I am in the midst of all these women with exciting, innovative business models that have social causes wrapped up into the core of their businesses. In the first hour that I met my other co-finalists for the Cartier Women's Initiative Awards here in Paris, I knew this experience would be a precious life memory to look back on. Sharing dinner with those seated next to me was proving me right about the diversity of ideas and enterprises that are out-of-the box and fresh, but with the eye to help fields such as disaster relief, sanitary solutions, medical progress and access to job markets.

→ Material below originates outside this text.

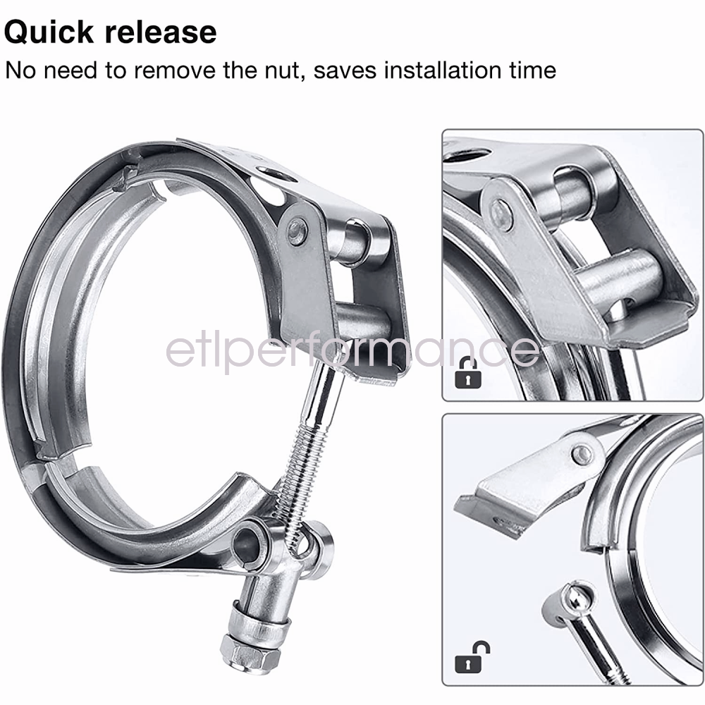 ETL Performance 2Pcs 2.75'' V Band Clamp Stainless Steel 304 For Turbo Downpipe Exhaust Pipe
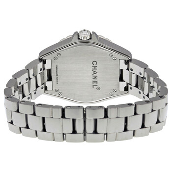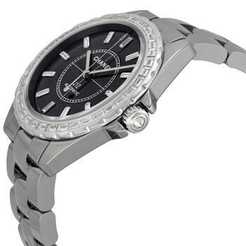 Grey titanium ceramic case with a grey titanium ceramic bracelet. Fixed 18kt white gold bezel set with 36 baguette diamonds. Black dial with rhodium-plated hands and 12 baguette-cut diamond (~0.52 carat) hour markers. Minute markers around an inner ring. Dial Type: Analog. Automatic movement with a 42-hour power reserve. Scratch resistant sapphire crystal. White gold screw down crown. Solid case back. Case size: 41 mm. Case thickness: 12 mm. Round case shape. Hidden folding clasp. Water resistant at 50 meters / 165 feet. Functions: hour, minute, second. Additional Info: bezel with 36 baguette-cut diamonds (~3.4 carats). Luxury watch style. Watch label: Swiss Made. Chanel J12 Automatic Black Dial Grey Titanium Ceramic Unisex Watch H3155.

Seated next to me was American Lindsay Stradley and her German business partner, who handles the technology side, engineer Laura. They had chosen Kenya as their home, and here their company Sanergy was in the midst of building pre-fab concrete Fresh Life toilets in the slums and shanty towns of the developing world. The product is a sanitation unit that is hygienic, yet inexpensive. Their product not only offers hygiene and privacy, but their company has stepped into the whole value chain: from the waste collection system, to the training of the community, to the re-use of the waste for biogas for electricity and fertilizer for crops. They have franchised their sanitation business to the local entrepreneurs so they can also have livelihood.

“What keeps you going, Laura?” I asked her partner, who narrated back that being in Kenya has only helped her see how another part of the world lives. Having grown up in Germany, where everything was within easy reach, in Africa she saw how she had taken so much for granted. “I wake up every morning with a purpose, knowing I am making a change in this place; so I will stay on in Kenya.” Lindsay, who has an upcoming wedding to her Indian engineer fiancé (who is another business partner), seconds the motion by saying, “We are building a sanitation business and here to stay!”